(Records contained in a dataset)

Segment Open

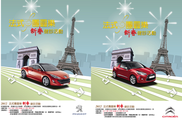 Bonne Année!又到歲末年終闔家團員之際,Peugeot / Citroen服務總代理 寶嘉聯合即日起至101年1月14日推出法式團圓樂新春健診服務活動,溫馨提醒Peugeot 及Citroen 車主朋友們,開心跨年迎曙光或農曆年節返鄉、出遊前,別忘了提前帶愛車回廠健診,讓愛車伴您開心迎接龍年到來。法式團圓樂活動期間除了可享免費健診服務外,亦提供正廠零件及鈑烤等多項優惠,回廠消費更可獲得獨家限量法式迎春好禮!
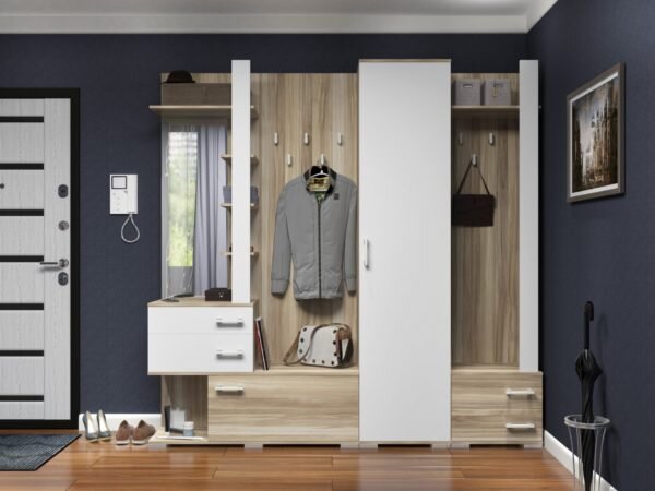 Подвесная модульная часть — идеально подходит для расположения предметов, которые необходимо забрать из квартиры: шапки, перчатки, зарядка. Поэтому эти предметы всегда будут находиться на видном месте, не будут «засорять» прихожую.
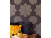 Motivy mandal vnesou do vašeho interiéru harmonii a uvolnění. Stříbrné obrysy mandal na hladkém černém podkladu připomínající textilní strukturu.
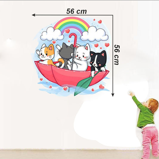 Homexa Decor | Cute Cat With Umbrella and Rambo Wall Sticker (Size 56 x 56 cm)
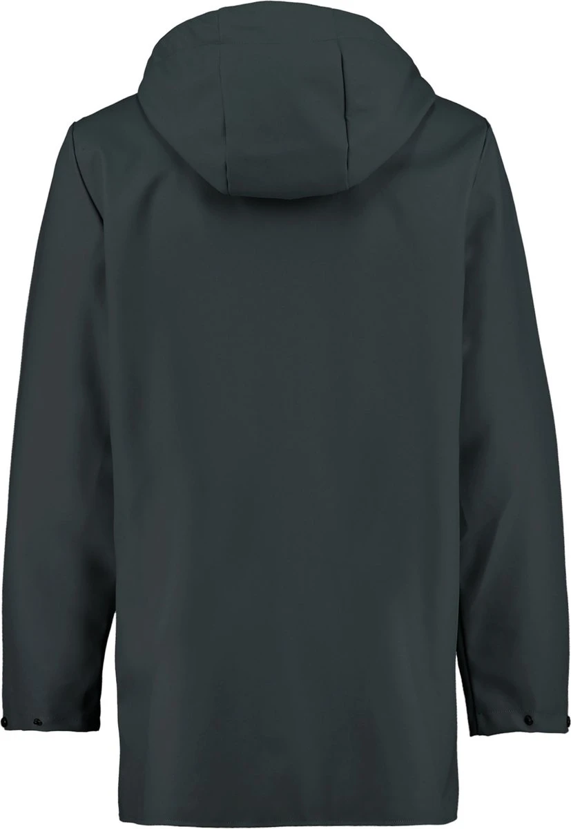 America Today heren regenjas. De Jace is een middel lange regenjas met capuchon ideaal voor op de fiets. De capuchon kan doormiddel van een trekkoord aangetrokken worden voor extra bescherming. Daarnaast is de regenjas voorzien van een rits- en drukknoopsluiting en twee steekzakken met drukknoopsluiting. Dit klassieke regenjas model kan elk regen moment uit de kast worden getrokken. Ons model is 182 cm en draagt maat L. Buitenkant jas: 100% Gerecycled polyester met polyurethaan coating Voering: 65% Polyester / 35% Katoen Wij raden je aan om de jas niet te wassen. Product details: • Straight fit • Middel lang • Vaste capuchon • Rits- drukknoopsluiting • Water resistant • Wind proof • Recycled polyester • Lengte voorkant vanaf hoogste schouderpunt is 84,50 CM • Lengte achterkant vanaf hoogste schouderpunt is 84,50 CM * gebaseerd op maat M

Segment Closed

Leave the images out and give the rest of the data again exactly.

 Bonne Année!又到歲末年終闔家團員之際,Peugeot / Citroen服務總代理 寶嘉聯合即日起至101年1月14日推出法式團圓樂新春健診服務活動,溫馨提醒Peugeot 及Citroen 車主朋友們,開心跨年迎曙光或農曆年節返鄉、出遊前,別忘了提前帶愛車回廠健診,讓愛車伴您開心迎接龍年到來。法式團圓樂活動期間除了可享免費健診服務外,亦提供正廠零件及鈑烤等多項優惠,回廠消費更可獲得獨家限量法式迎春好禮!
 Подвесная модульная часть — идеально подходит для расположения предметов, которые необходимо забрать из квартиры: шапки, перчатки, зарядка. Поэтому эти предметы всегда будут находиться на видном месте, не будут «засорять» прихожую.
 Motivy mandal vnesou do vašeho interiéru harmonii a uvolnění. Stříbrné obrysy mandal na hladkém černém podkladu připomínající textilní strukturu.
 Homexa Decor | Cute Cat With Umbrella and Rambo Wall Sticker (Size 56 x 56 cm)
 America Today heren regenjas. De Jace is een middel lange regenjas met capuchon ideaal voor op de fiets. De capuchon kan doormiddel van een trekkoord aangetrokken worden voor extra bescherming. Daarnaast is de regenjas voorzien van een rits- en drukknoopsluiting en twee steekzakken met drukknoopsluiting. Dit klassieke regenjas model kan elk regen moment uit de kast worden getrokken. Ons model is 182 cm en draagt maat L. Buitenkant jas: 100% Gerecycled polyester met polyurethaan coating Voering: 65% Polyester / 35% Katoen Wij raden je aan om de jas niet te wassen. Product details: • Straight fit • Middel lang • Vaste capuchon • Rits- drukknoopsluiting • Water resistant • Wind proof • Recycled polyester • Lengte voorkant vanaf hoogste schouderpunt is 84,50 CM • Lengte achterkant vanaf hoogste schouderpunt is 84,50 CM * gebaseerd op maat M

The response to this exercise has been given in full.